In the 1990s, teacher Drunvalo Melchizedek brought the merkaba meditation to widespread attention through his Flower of Life workshops and his books The Ancient Secret of the Flower of Life (Volumes I and II). His teachings synthesized Egyptian, Hebrew, and indigenous spiritual traditions into a structured 17-breath practice that could be learned and repeated daily. While Melchizedek popularized the technique, the core practice draws from knowledge that predates any single teacher.
Ancient Origins: Egypt, Hebrew Mysticism, and Beyond
The oldest references to the merkaba appear in ancient Egyptian spiritual texts and temple inscriptions. The Egyptian mystery schools, those secretive centers of training housed within and beneath the great temples at Luxor, Abydos, Karnak, and Saqqara, taught initiates a complete system of consciousness expansion. The merkaba was considered the highest practice, reserved for advanced students who had already mastered breath control, meditation, and energy work.
Egyptian cosmology placed enormous emphasis on the Ka and Ba. The Ka was the vital life force that animated the body. The Ba was the soul that could travel between the physical and spiritual worlds. Upon death, the Egyptian goal was not simply to "go to heaven" but to consciously navigate the afterlife realms in full awareness. The activated merkaba was the vehicle that made this navigation possible. Tomb paintings in the Valley of the Kings depict geometric light structures surrounding the pharaoh's body during the journey to the Duat (the Egyptian underworld).
[Image: Egyptian temple wall with hieroglyphics and geometric light body symbols, star tetrahedron patterns in gold and lapis lazuli blue]
In Hebrew mysticism, the merkavah tradition represents one of the most ancient and closely guarded strands of Jewish esotericism. The prophet Ezekiel's famous vision in Chapter 1 of the Book of Ezekiel describes a "chariot of God" composed of spinning wheels within wheels, living creatures with four faces, and a throne of sapphire surrounded by fire and lightning. The Hebrew word merkavah literally means "chariot." Scholars of Kabbalah interpret Ezekiel's vision not as a physical chariot but as a description of the divine energy vehicle that surrounds and transports consciousness through higher dimensions.
The Hekhalot literature, a body of Jewish mystical texts from the first centuries CE, contains detailed instructions for the "descent to the chariot," a meditation practice in which the practitioner visualizes ascending through seven celestial palaces while seated in the merkavah. These texts describe the experience in terms that closely parallel later descriptions of merkaba activation: spinning light, geometric forms, a sense of the body dissolving into luminous energy, and encounters with beings of pure light.
Historical Connection
The Great Pyramid of Giza encodes the geometry of the star tetrahedron in its proportions.

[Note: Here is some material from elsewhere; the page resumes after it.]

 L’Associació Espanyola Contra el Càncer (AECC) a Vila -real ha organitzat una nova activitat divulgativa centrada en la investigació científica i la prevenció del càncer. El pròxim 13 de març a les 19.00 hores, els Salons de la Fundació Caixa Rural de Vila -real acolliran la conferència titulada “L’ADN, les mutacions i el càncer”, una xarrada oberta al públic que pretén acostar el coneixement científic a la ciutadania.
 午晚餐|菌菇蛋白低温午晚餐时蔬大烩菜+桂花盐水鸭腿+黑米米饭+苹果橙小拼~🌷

If you inscribe a tetrahedron inside a sphere, and then inscribe the sphere inside the Great Pyramid, the angles and ratios align with extraordinary precision. Many researchers, including John Anthony West and Robert Bauval, have argued that the pyramids were not tombs but initiation chambers where advanced practices like merkaba activation were performed. The King's Chamber, with its precise granite construction and resonant acoustics, may have been a merkaba activation space.
The Tibetan Buddhist tradition offers yet another perspective. The concept of the vajra body (dorje lu in Tibetan) describes an indestructible energy body composed of channels (nadis), winds (prana or lung), and drops (bindu or thigle). Advanced practitioners of the Six Yogas of Naropa work with this subtle body through breathwork, visualization, and inner heat (tummo) practices. While the Tibetan system uses different language and different geometric imagery, the underlying principle matches the Egyptian merkaba: a luminous energy structure that, when consciously activated, transforms the practitioner's relationship with physical reality.

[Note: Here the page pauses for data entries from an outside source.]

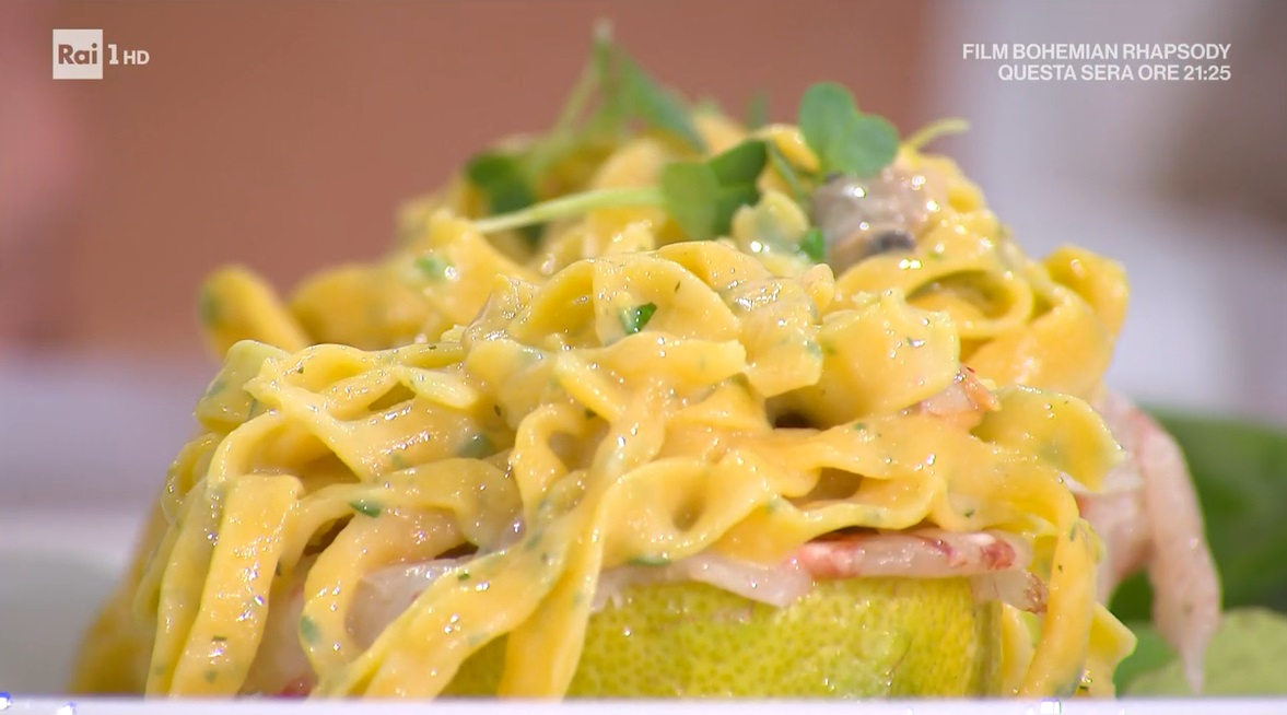 Per servire, tagliamo i limoni grandi a metà e li scaviamo. All’interno del guscio ottenuto inseriamo il carpaccio di gambero preparato. Adagiamo sopra al gambero il nido di tagliolini e finiamo con i germogli.
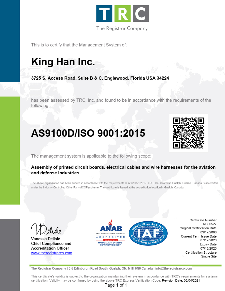 KHI is AS 9100, REV. D/ISO 9001:2015 certified.
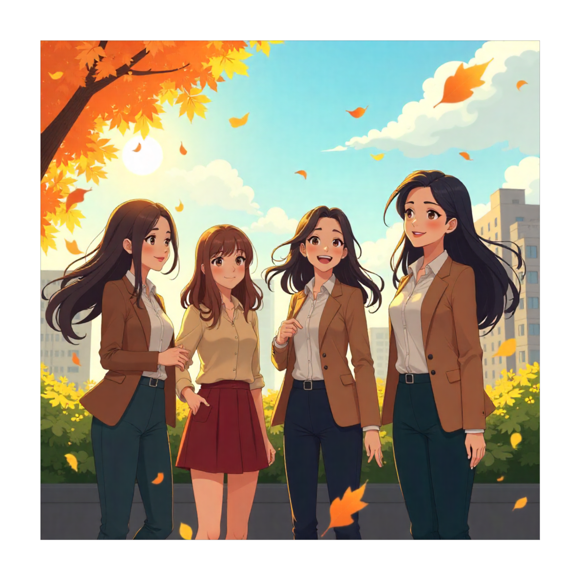 Verse 1–2: calm and intimate, focus on voice and guitar, Chorus: add light percussion and strings to open emotion, Bridge: a moment of reflection, soft background chorus or humming, Final Chorus: full yet gentle, conveying peace and unity with nature, Keywords: autumn, falling leaves, return, unity, peace, earth, nature, reflection, love, harmony, classical, 2030's, yoga

The Sacred Geometry Behind Merkaba Meditation
To understand the merkaba, you need to understand sacred geometry. Not as abstract math, but as the actual structural language of reality.
The tetrahedron is the simplest of the five Platonic solids, the five shapes where every face is identical, every edge is the same length, and every angle is equal. It has four triangular faces, four vertices, and six edges. In sacred geometry, the tetrahedron represents the element of fire and the principle of fundamental stability. It is the simplest three-dimensional form that can enclose space.
The merkaba uses two tetrahedrons interlocked through each other, forming what mathematicians call a stella octangula (star octahedron) and what spiritual traditions call a star tetrahedron. When you place this form around the human body, the upper tetrahedron extends from the knees to about one hand's length above the head, and the lower tetrahedron extends from the solar plexus to about one hand's length below the feet.
The star tetrahedron is directly embedded within the Flower of Life, the ancient geometric pattern found carved into the Temple of Osiris at Abydos, Egypt. The Flower of Life contains within it every Platonic solid, including the tetrahedron, cube, octahedron, dodecahedron, and icosahedron. When you extract the star tetrahedron from the Flower of Life, you get the merkaba shape. This is not coincidence. The Flower of Life is the blueprint. The merkaba is the application.
The counter-rotation of the two tetrahedrons is also significant. In physics, counter-rotating fields generate electromagnetic effects. The spinning of charged particles in opposite directions creates measurable magnetic fields. The merkaba teaching suggests that the same principle operates at the level of the human energy body: when the two tetrahedrons spin in opposite directions at the correct ratio (34:21, a Fibonacci number pair that approximates the golden ratio), they generate a toroidal field, a donut-shaped energy pattern that is self-sustaining.
Spiritual Synthesis
Rudolf Steiner described the human etheric body as a geometric light structure that interpenetrates the physical body and extends beyond it. In his lectures on Occult Science, he spoke of the "formative forces" that shape the etheric body into specific geometric patterns, patterns that correspond to the person's level of spiritual development. Steiner's description of the etheric body closely matches the merkaba: a luminous field of structured energy that can be consciously refined through meditative practice. He taught that as the human being evolves spiritually, the etheric body becomes increasingly organized, radiant, and geometrically precise.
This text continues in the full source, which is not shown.